Normally, we'd separate the Part for pre-training data preparation from the Part for machine learning but we decided to combine both parts - we'll tell you why later. 

### Part 1: Import libraries
Import the following libraries:
1. pandas as pd
2. STOPWORDS from wordcloud

You might be wondering why we imported something from wordcloud - it's a special tool that we'll use later. We will need it to clean our 'cleaned_definitions' further.

In [1]:
# [Optional] Print STOPWORDS

In [2]:
# Step 1: Import your libraries 
import pandas as pd
from wordcloud import STOPWORDS

print(STOPWORDS)

{'it', "shan't", 'there', "we'll", 'between', 'their', 'our', "how's", 'to', "didn't", 'ever', "haven't", 'during', "she'll", "wasn't", 'in', "she's", 'where', "where's", 'since', 'ought', 'i', 'not', 'who', 'is', "they're", 'by', 'these', 'for', 'ourselves', 'itself', 'if', 'hence', 'like', 'com', "wouldn't", 'her', 'nor', "you've", 'she', 'as', "he's", "shouldn't", "i'll", 'an', 'or', "aren't", 'from', 'that', 'of', 'he', 'what', 'hers', 'r', "who's", 'this', "i've", 'myself', "hadn't", 'otherwise', 'own', 'such', 'again', 'was', 'with', 'once', "they've", 'same', "that's", 'very', 'are', 'him', 'had', 'been', 'http', "don't", "you're", 'having', 'about', "you'll", 'just', 'then', 'have', 'until', 'on', "let's", 'also', 'more', "he'll", 'therefore', 'should', 'only', "doesn't", "mustn't", 'do', 'against', 'above', 'get', "won't", 'below', 'too', 'yourselves', 'why', 'were', 'up', "he'd", "i'd", 'www', 'through', 'has', 'your', "couldn't", "weren't", 'its', 'can', "we've", 'how', 'off

### Step 2: Read your CSV from Part I
Let's import the CSV that we exported at the end of Part I. 

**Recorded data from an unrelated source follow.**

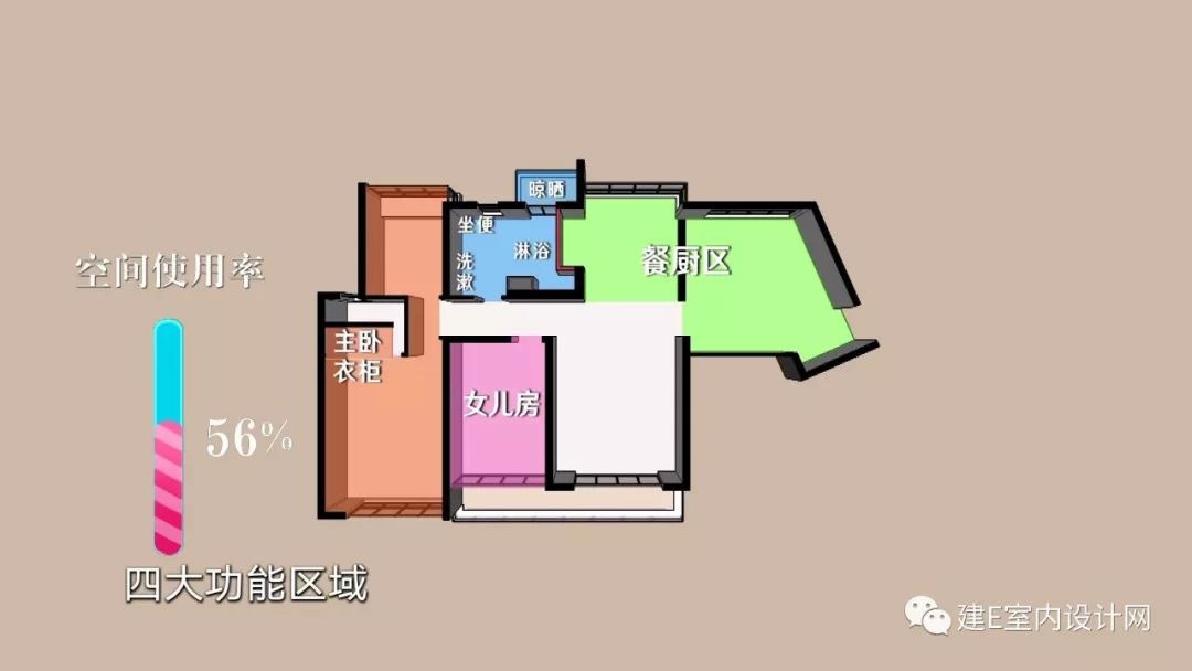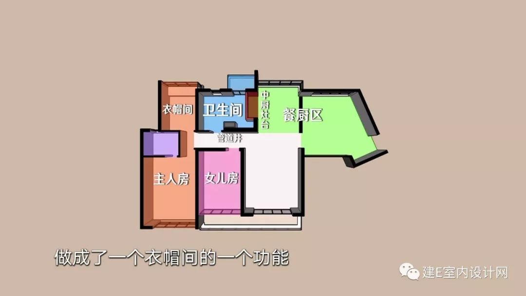 无人使用的客卧和入户花园变成了女儿房和餐厨区,次卫中被废弃的浴缸位置则做成衣柜纳入主卧空间,而扩大后的主卫包含了洗坐淋浴和晾晒四大功能区域,整个房子的利用率大大提高。
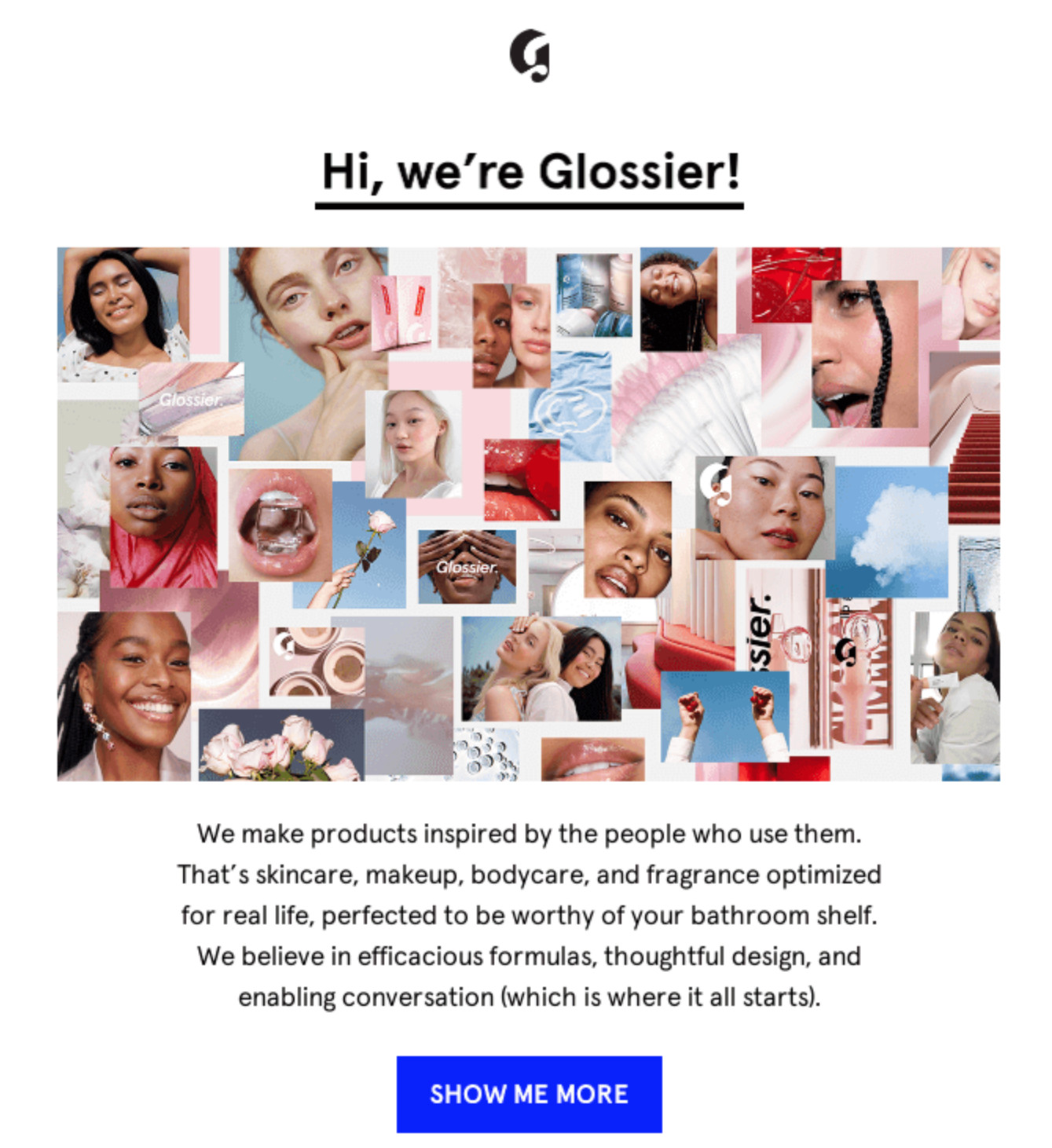 This exceptional welcome email has been carefully crafted to embody the essence of the entire brand. From the moment you look at it, the expert design is evident immediately, leaving a lasting impression. The visually appealing collage, thoughtfully incorporated into the email, adds a perfect touch of creativity and intrigue. It is a captivating introduction, seamlessly guiding readers toward the compelling copy introducing Glossier as a brand. The harmonious combination of expert design and compelling content creates a memorable and immersive experience for recipients, setting the stage for a strong brand connection.
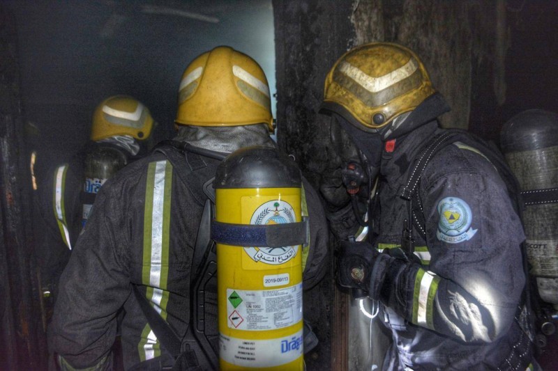 وتابع: «تم إخلاء 3 نساء وطفلين وإخماد الحريق الذي نتج عنه تعرض امرأتين من جنسية عربية في العقدين الرابع والسابع لضيق تنفس بسيط، وعولجن من قِبل الهلال الأحمر في الموقع».
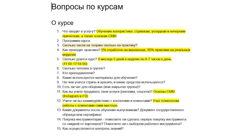 Іноді для складних або висококонкурентних послуг потрібна поглиблена підготовка. В окремих випадках для створення дійсно сильної сторінки проводиться детальне інтерв’ю з власником салону або фахівцем, щоб коректно передати унікальність, специфіку і сильні сторони послуги. Наприклад, серед кейсів агентства iMart був проєкт салону краси з навчанням перукарському мистецтву з нуля. Вартість програми була вище середньоринкової, тому до створення контенту підійшли особливо ретельно. У цьому випадку звичайних текстів було б недостатньо. Тому для правильної презентації послуги навчання ми робили майже двогодинне інтерв’ю з цілою низкою питань, щоб правильно підготувати повноцінну сторінку, що продає курс, яка розкривала переваги навчання саме в цьому салоні в порівнянні з іншими пропозиціями на ринку.
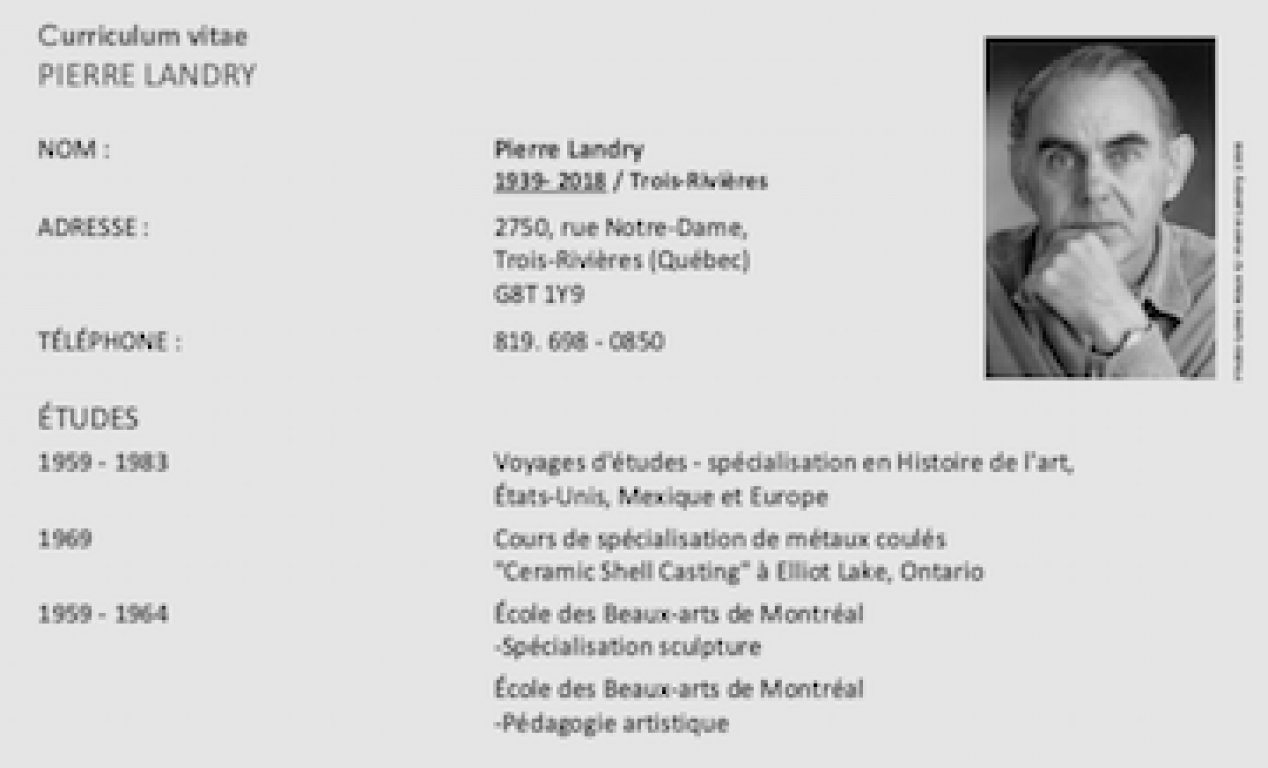 Trifluvien d’origine, l’artiste Pierre Landry grandit dans un milieu familial où la musique classique, la chanson et la danse nourrissent ses actions quotidiennes. Son père, Monsieur Raoul Landry, fait partie des membres fondateurs de la chorale Orphéon de Trois-Rivières et sa mère, Madame Berthe Dufresne, adore danser. Dès ses 11 ans, il manifeste son intérêt pour la sculpture auprès de son oncle Donat Dufresne, amateur de bateaux, en sculptant de petits bateaux avec son canif à la manière de Léo Arbour, sculpteur de Pointe-du-Lac. Déjà à l’époque, l’artiste Pierre Landry baigne dans l’effervescence suscitée par la parution en 1948 du livre Refus global, manifeste décriant le conservatisme politique et religieux de la société québécoise. Après ses études primaires et secondaires à Trois-Rivières, il étudie à l’École des Beaux-Arts de Montréal en pleine Révolution tranquille, caractérisée par d’importants changements sociaux. Par la suite, il revient dans sa ville natale, où il poursuit avec fougue sa création et son investissement dans le développement et la mise en valeur de la vie artistique régionale, nationale et internationale
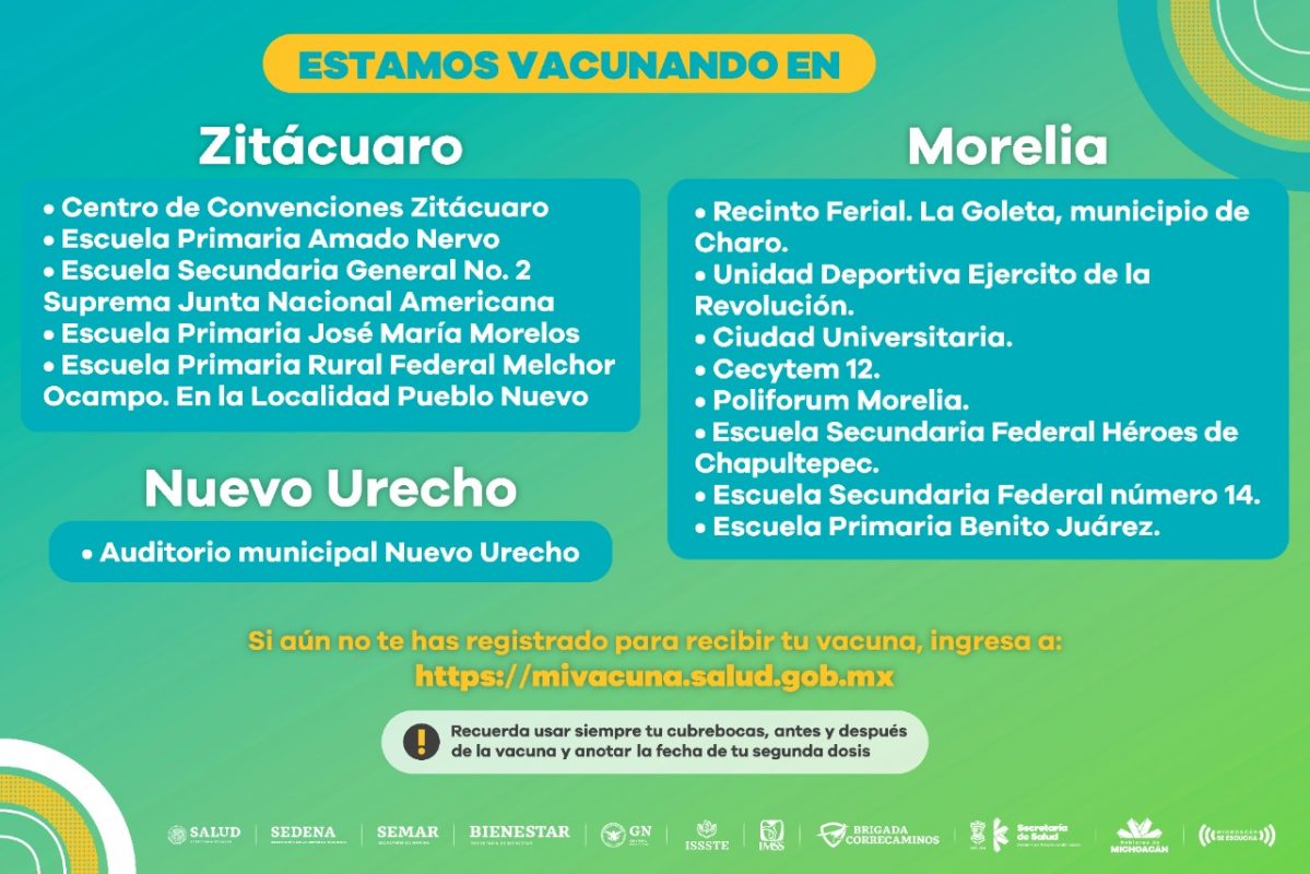 Se hace hincapié a los adultos mayores de 60 años de los municipios de Hidalgo, Lázaro Cárdenas, Coahuayana, Aquila, Arteaga, Maravatío, Tarímbaro, Zinapécuaro, Huetamo, Jacona, Uruapan, Zamora, Ecuandureo, Ixtlán, Villamar, Aporo, Tingambato, Buenavista, Apatzingán, Parácauro, Múgica, Angangueo, Coalcomán, Tepalcatepec, La Huacana, Aguililla y Churumoco que ya recibieron su primera dosis a no bajar la guardia con las medidas básicas de higiene.

Make sure your resulting DataFrame has 2,286 rows and 3 columns.

In [3]:
# Step 2: Read your CSV
df = pd.read_csv("ManualTag_Misogyny_Clean.csv", index_col=0)
df.info()

<class 'pandas.core.frame.DataFrame'>
Int64Index: 2286 entries, 0 to 2285
Data columns (total 3 columns):
 #   Column              Non-Null Count  Dtype  
---  ------              --------------  -----  
 0   Definition          2286 non-null   object 
 1   is_misogyny         2286 non-null   float64
 2   cleaned_definition  2286 non-null   object 
dtypes: float64(1), object(2)
memory usage: 71.4+ KB


## Data Preparation
### Step 3: Create a new column without stopwords
Remember the STOPWORDS we imported? We will use it as a reference to remove stopwords from the text in the 'cleaned_defintion' column.

![CleanStopwords.png](attachment:CleanStopwords.png)

We will create a new column named 'cleaned_definition_nostop', where we remove common words such as 'very', 'what', 'I', etc.

There are many ways to do it, so give it a try!

<strong>Hint: Google "python remove stop words from pandas dataframe"</strong>

In [4]:
# Step 3: Remove stopwords from the text in 'cleaned_definition'
stop = list(STOPWORDS)

#for every word in s, check and add to list if it's not stop word
#returns a string of no stopwords
def remove_stopwords(s):
    list_nostop = [item for item in s.split() if item not in stop]
    return " ".join(list_nostop)

df['cleaned_definition_nostop'] = df['cleaned_definition'].map(remove_stopwords)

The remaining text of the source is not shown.